Он в настроении. Мои сто рублей помогли ему: он не только отыграл свои деньги — а их у него было больше пятисот, — но еще и выиграл двести рублей.
— Значит, надо жить? — иронически смотрит на него Зырянов.
— Абсолютно. Как пьяница в винном погребе. Так, Алеша?
— Не знаю.
— Это ты брось: «Не знаю». А сам уже с Таськой Калининой сконтактовался. Скучаешь, наверно? Ага, молчишь! Большего доказательства не требуется. Теперь можно и на боковую. Только где же наш завхоз и где мы будем спать?
Соснин пришел деловой и озабоченный:
— Каюту не удалось отвоевать. Придется ехать в третьем классе.
— Лишь бы спать, — сказал Коля Николаевич.
Третий класс — это большое общежитие. Пассажиров больше, чем мест. Лежат даже на полу. Широко раскинув руки, спит красноармеец, к нему приткнулась ветхая старушонка, на одну полку каким-то образом умудрилась лечь мать с тремя детьми. Каким чудом отвоевал Соснин нижнюю полку, мы не знаем, но эта полка ждет нас. Мы можем спать сидя.
— Вообще-то надо бы заявить протест, — говорит Коля Николаевич, — завхоз не обеспечил койками. Сидя спят только куры, собаки и то лежат.
— Нытик! Го-го-го-го-го!
— Занимай и мое место. Я спать не буду, — говорю я. — Половины лавки тебе хватит.
— Гуд бай, как говорят французы.
— Англичане.
— Именно французы. Если англичане, то не смешно. Ну, давай иди, буду спать.
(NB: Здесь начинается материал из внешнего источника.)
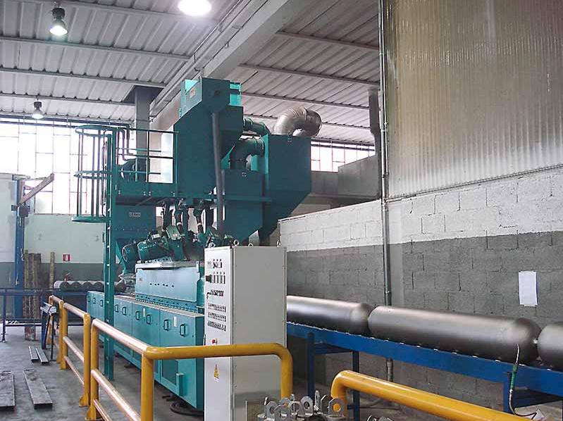 四川成都钢瓶外壁抛丸机采用螺旋转盘式辊道输送机制,将钢管螺旋输送到抛丸区 域进行抛丸处理,通过钢管的旋转,达到全面 的抛丸覆盖。减少了对工件的碰撞、损伤现象 ,降低了机器的噪声; 该机采用Q034型悬臂离心式抛丸器,具有使用 寿命长、结构简单、故障率低等特点; 采用风选式分离器,具有良好的分离效果和较高的生产率,对提高叶片寿命有积极的作用; 采用布袋式除尘器,粉尘排放浓度低于国家的标准,改善了工人的劳动环境;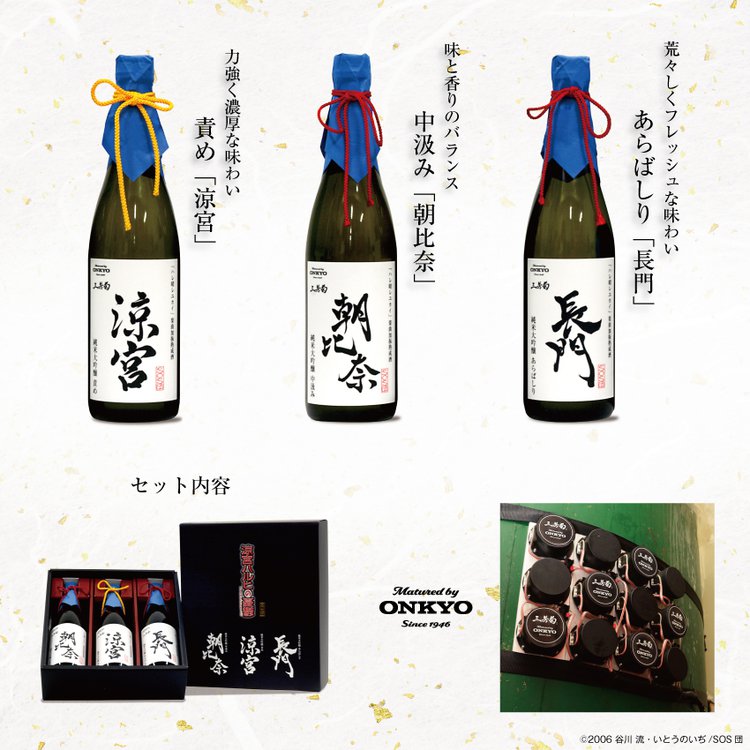 オンキヨー、「ハレ晴レユカイ」を聴かせて熟成させた『涼宮ハルヒ』コラボ日本酒。長門/みくる/ハルヒイメージの3本セット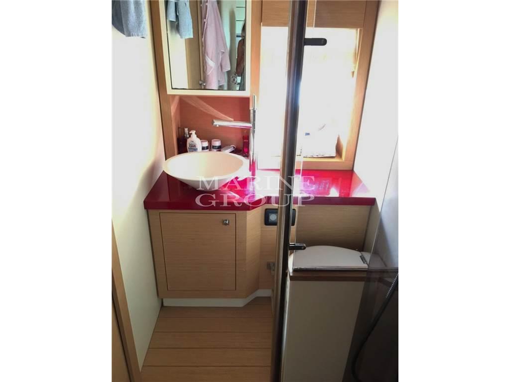 Interni in essenza di rovere; dinette con divano a C, cucina attrezzata con lavello fuochi ad induzione e frigo; cabina armatoriale a centro barca con bagno en suite con box doccia separato; cabina opsiti a prua con letto matrimoniale separabile in due letti singoli, secondo bagno completo di box doccia.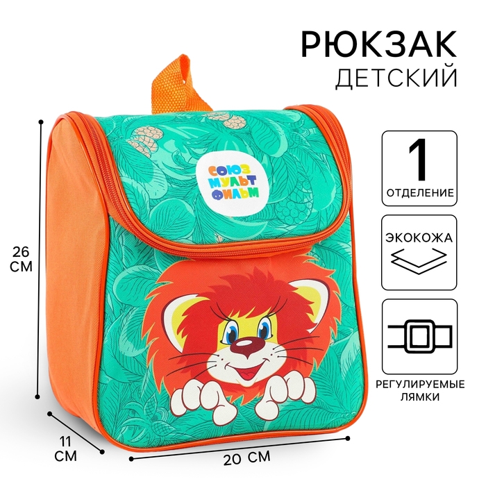 Рюкзак детский на молнии сверху, Текстиль, 20 см х 11 см х 26 см, "Львёнок и Черепаха", Союзмультфильм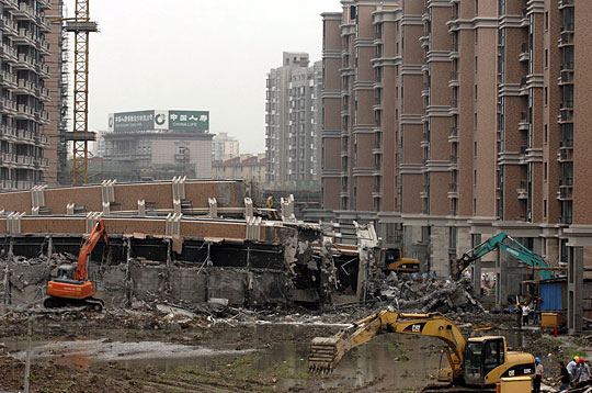图:上海倒楼拆除工作重新开始(3)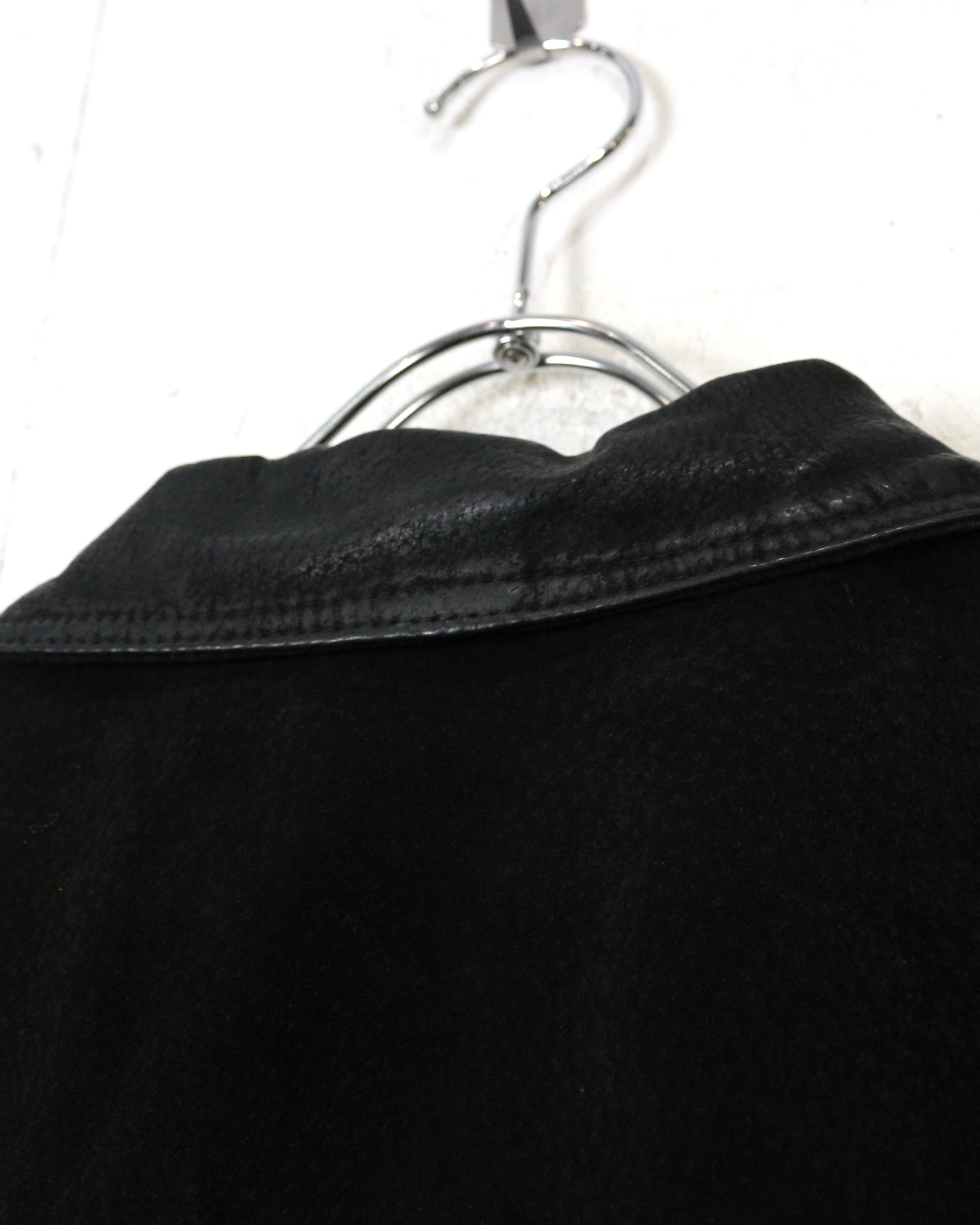 襟元は着用を重ねたことで光沢が生まれ、まるで異なる質感のレザーを用いたようなルックスに仕上がっています。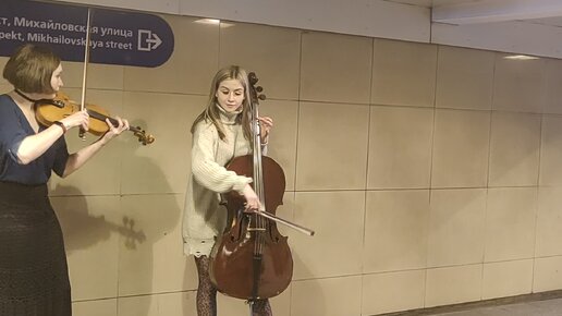 СПб. Санкт-Петербург. Выступление с кавер версией Трио в подземном переходе, скрипка и виолончель.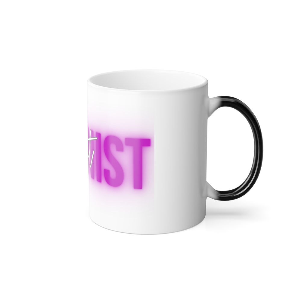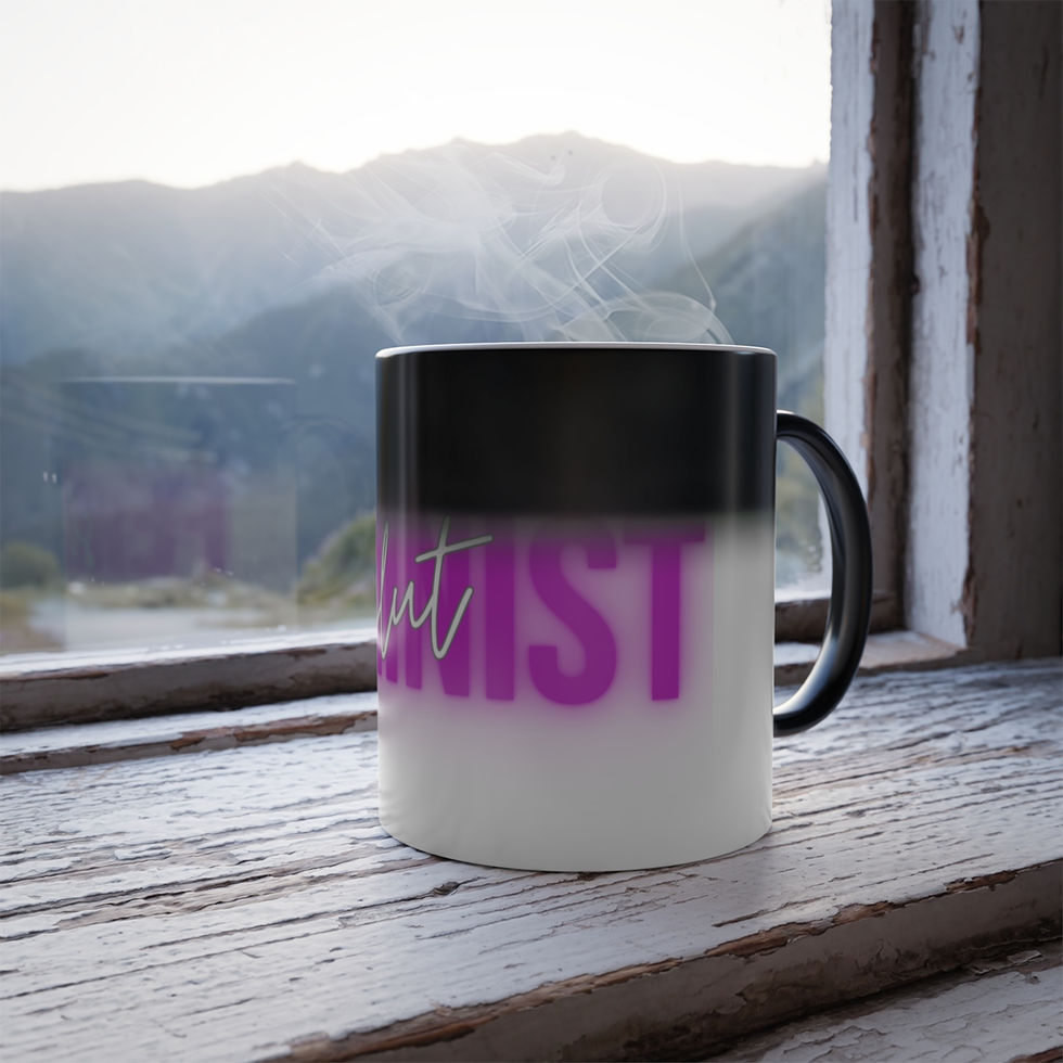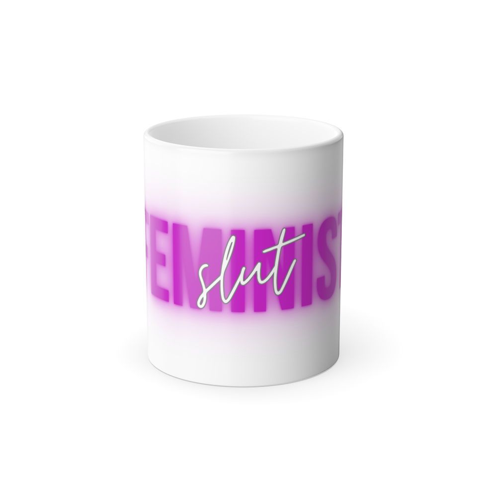 Have a hot cuppa and remind yourself of the powerful bitch you are! This ceremic cup is black on the oustide (white inside) when cold, but add some heat and "Feminist Slut" appears! It comes in one size – 11oz (0.33l) – plenty for that big morning cup of coffee.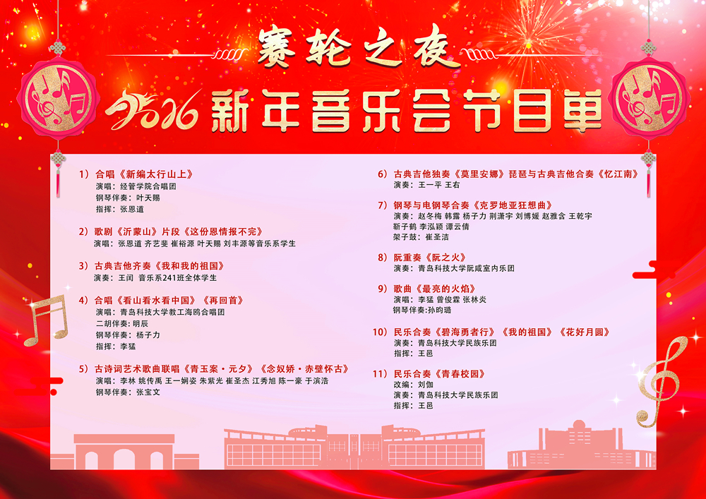 2026年新年将至,学校特举办“赛轮之夜”青岛科技大学2026 新年音乐会。本次音乐会由赛轮集团鼎力支持,众多师生与特邀嘉宾倾情表演。诚邀广大师生共赴艺术盛宴,喜迎新年到来!

Я стою на палубе. Рассвет наступает медленно. Луна вяло катится к вершинам сопок. Но вот появляется сразу и на небе и на воде оранжево-розовая полоса, она все шире, шире, и вдруг — солнце! Амур мгновенно вспыхивает, будто подожженный. Он раскален, и золотой и красный. Я долго смотрю на воду, на сопки, на небо. Теплоход идет старательно, хотя и не очень быстро. Останавливается у пристаней, меняет пассажиров, одних выпускает, других берет. Солнце припекает все сильнее. Тянет в сон. Я сажусь на пол и засыпаю...
Вечером пришли в Комсомольск. На берегу деревянные домики. Это и есть новый город? Коричневый туман висит над крышами. Тускло-красными огнями горят окна, отражая застрявшее в седловине хребта солнце.
— Это не туман, а дым, — говорит Зырянов. — Где-то горит тайга.
— Ну и Комсомольск, — разочарованно тянет Коля Николаевич. — Звону было...
— А это и не Комсомольск, а старое село Пермское. А Комсомольск отсюда не увидишь.